• [PROBLEM DESCRIPTION] Of the entries below, restate word for word only the section that runs from the line with "Yoktur derdimden anlayan" to the line with "建設項目選址意見書和用地預審", counting both ends.

• [SOURCE INFORMATION]
• • • • • • •

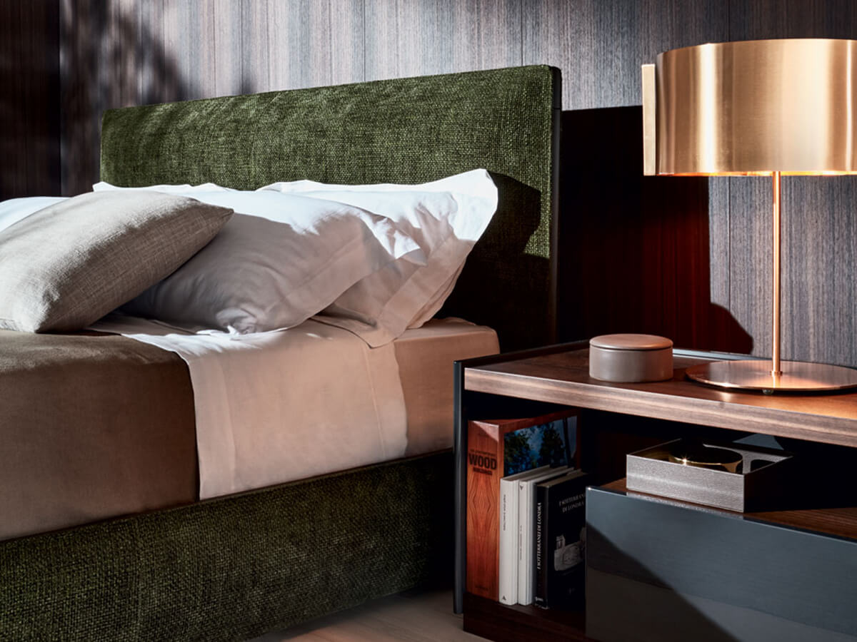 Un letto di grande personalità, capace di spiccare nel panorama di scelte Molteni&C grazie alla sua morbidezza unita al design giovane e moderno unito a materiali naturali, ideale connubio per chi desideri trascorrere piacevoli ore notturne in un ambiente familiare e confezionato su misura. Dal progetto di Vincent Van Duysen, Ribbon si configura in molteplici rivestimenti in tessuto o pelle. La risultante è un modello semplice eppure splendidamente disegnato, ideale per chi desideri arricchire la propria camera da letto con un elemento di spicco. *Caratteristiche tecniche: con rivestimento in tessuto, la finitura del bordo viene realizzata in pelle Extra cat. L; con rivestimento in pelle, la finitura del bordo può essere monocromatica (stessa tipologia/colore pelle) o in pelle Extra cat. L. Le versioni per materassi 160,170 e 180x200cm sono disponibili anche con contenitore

• • • • • • •

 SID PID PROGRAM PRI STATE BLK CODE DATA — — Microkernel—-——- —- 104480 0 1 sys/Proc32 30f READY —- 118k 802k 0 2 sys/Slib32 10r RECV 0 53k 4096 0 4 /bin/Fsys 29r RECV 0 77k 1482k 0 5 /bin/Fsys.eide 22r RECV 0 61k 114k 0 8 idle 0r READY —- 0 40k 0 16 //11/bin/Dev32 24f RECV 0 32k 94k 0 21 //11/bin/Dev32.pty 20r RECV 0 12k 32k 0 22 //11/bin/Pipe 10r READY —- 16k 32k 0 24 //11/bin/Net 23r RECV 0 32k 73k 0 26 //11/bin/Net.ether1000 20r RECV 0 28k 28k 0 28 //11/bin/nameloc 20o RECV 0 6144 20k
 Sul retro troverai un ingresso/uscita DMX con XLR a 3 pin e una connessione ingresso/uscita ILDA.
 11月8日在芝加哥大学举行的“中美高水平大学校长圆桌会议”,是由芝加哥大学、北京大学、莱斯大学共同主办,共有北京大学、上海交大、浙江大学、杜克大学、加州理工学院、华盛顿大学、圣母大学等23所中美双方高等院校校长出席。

• • • • • • •

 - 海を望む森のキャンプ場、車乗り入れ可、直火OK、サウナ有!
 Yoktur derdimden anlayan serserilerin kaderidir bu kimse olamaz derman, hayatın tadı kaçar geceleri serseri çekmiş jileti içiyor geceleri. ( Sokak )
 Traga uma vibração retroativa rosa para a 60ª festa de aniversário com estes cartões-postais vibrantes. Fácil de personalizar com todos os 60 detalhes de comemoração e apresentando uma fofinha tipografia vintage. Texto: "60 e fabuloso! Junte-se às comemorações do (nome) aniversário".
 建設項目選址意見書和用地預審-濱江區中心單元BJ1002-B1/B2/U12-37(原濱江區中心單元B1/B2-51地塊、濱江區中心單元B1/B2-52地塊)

• • • • • • •

• [TASK SOLUTION]
 Yoktur derdimden anlayan serserilerin kaderidir bu kimse olamaz derman, hayatın tadı kaçar geceleri serseri çekmiş jileti içiyor geceleri. ( Sokak )
 Traga uma vibração retroativa rosa para a 60ª festa de aniversário com estes cartões-postais vibrantes. Fácil de personalizar com todos os 60 detalhes de comemoração e apresentando uma fofinha tipografia vintage. Texto: "60 e fabuloso! Junte-se às comemorações do (nome) aniversário".
 建設項目選址意見書和用地預審-濱江區中心單元BJ1002-B1/B2/U12-37(原濱江區中心單元B1/B2-51地塊、濱江區中心單元B1/B2-52地塊)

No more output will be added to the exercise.